Here are some comments from it and then I’ll include some specifics:

“Regarding loans to businesses, survey respondents reported, on balance, tighter standards and weaker demand for C&I loans to large and medium market firms as well as small firms over the first quarter. Meanwhile, banks reported tighter standards and weaker demand for all commercial real estate loan categories.”

% of respondents with tighter standards to medium and large businesses: 46% vs 44.8% in January. For reference and I won’t include Covid, it peaked at 59.6% in early 2000’s recession and at 83.6% in October ’08 right after the Lehman downfall.

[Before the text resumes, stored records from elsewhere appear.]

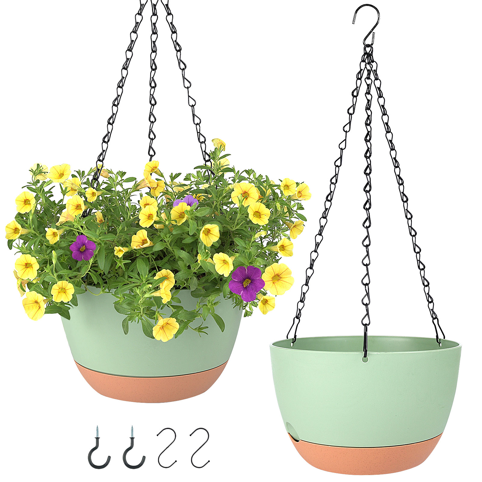 Te Matuer 2 Pack 8 Inch Hanging Planters for Indoor and Outdoor Plants, Self Watering Hanging Planter, Plastic Hanging Flower Pot Basket with Drainage Holes for Home Garden(Green)
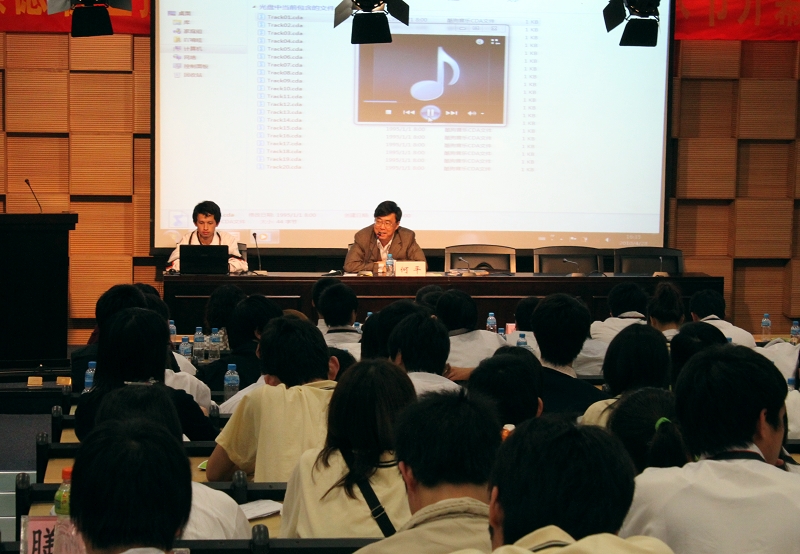 开幕式结束后,邀请广东省音乐家协会副主席、华南理工大学艺术学院院长何平教授给师生们做主题为“中国民歌风格谈”的音乐讲座。何平教授深入浅出地对不同地域、不同色彩区的民歌风格进行了讲解,并引导大家欣赏了山歌、号子、小调等不同音乐样式的民族歌曲。
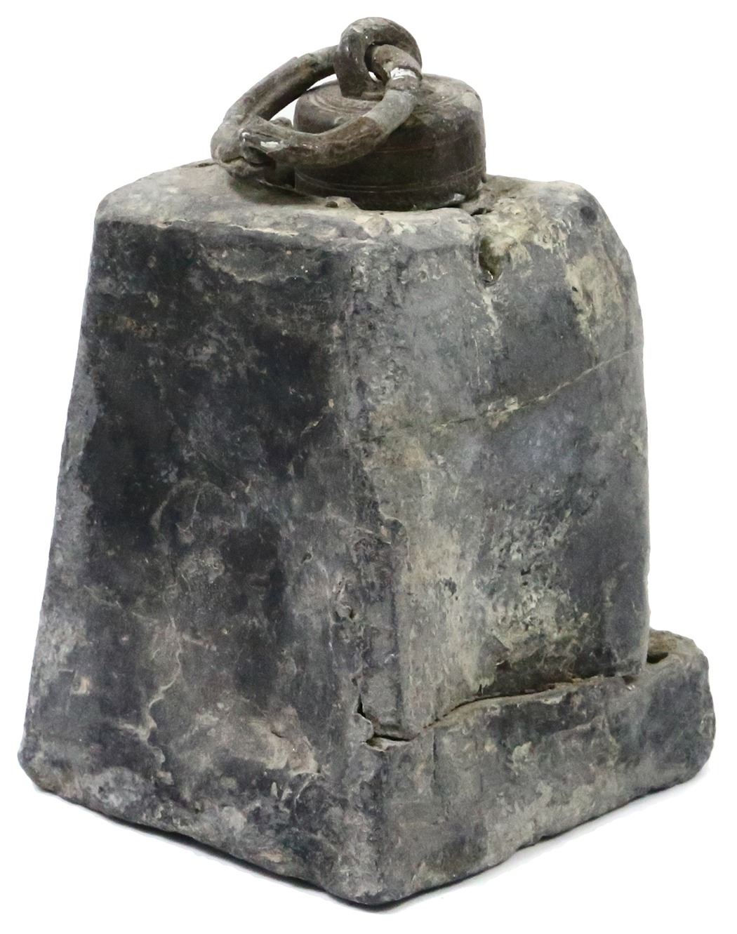 Lead inkwell with screw cap, ex-Campen (1627). 875 grams, 3-1/2" x 2-1/4" x 2-1/4". Heavy and sturdy artifact (as would befit use on a ship so as not to spill in rough seas), mostly intact, dark and dusty, with original screw cap, two sides with damage but overall in good condition. From the Campen (1627), with certificate from the salvor. Recovered from:Campen, sunk in 1627 off Isle of Wight, south of England

% of respondents with tighter standards to small businesses: 46.7% vs 43.8% in January. It peaked at 45.5% in early 2000’s recession and at 74.5% in October 2008.

% of respondents reporting stronger demand for loans from medium and large co’s: -55.6% vs -31.3%. It bottomed at -70.2 in October 2001 and -60.4 in January 2009.

THAT’S A COLLAPSE!
Loans To Medium & Large Companies Crashes!

% of respondents reporting stronger demand for loans from small co’s: -53.3% vs -42.2%. it bottomed at -50% in October 2001 and -63.5% in April 2009.

2ND MAJOR COLLAPSE!
Loans To Small Companies Also Crashes!

Lending Standards Tightening At All Banks
On Commercial Real Estate:

“Over the first quarter, major net shares of banks reported tightening standards for all types of CRE loans. Such tightening was more widely reported by mid-sized banks than by either the largest or other banks. Meanwhile, major net shares of banks reported weaker demand for loans secured by nonfarm nonresidential properties, construction and land development loans, and loans secured by multifamily properties.”

“For loans to households, banks reported that lending standards tightened across all categories of residential real estate (RRE) loans other than GSE eligible and government residential mortgages, which remained basically unchanged. Meanwhile, demand weakened for all RRE loan categories. In addition, banks reported tighter standards and weaker demand for home equity lines of credit (HELOCs). Standards tightened for all consumer loan categories; demand weakened for auto and other consumer loans, while it remained basically unchanged for credit cards.”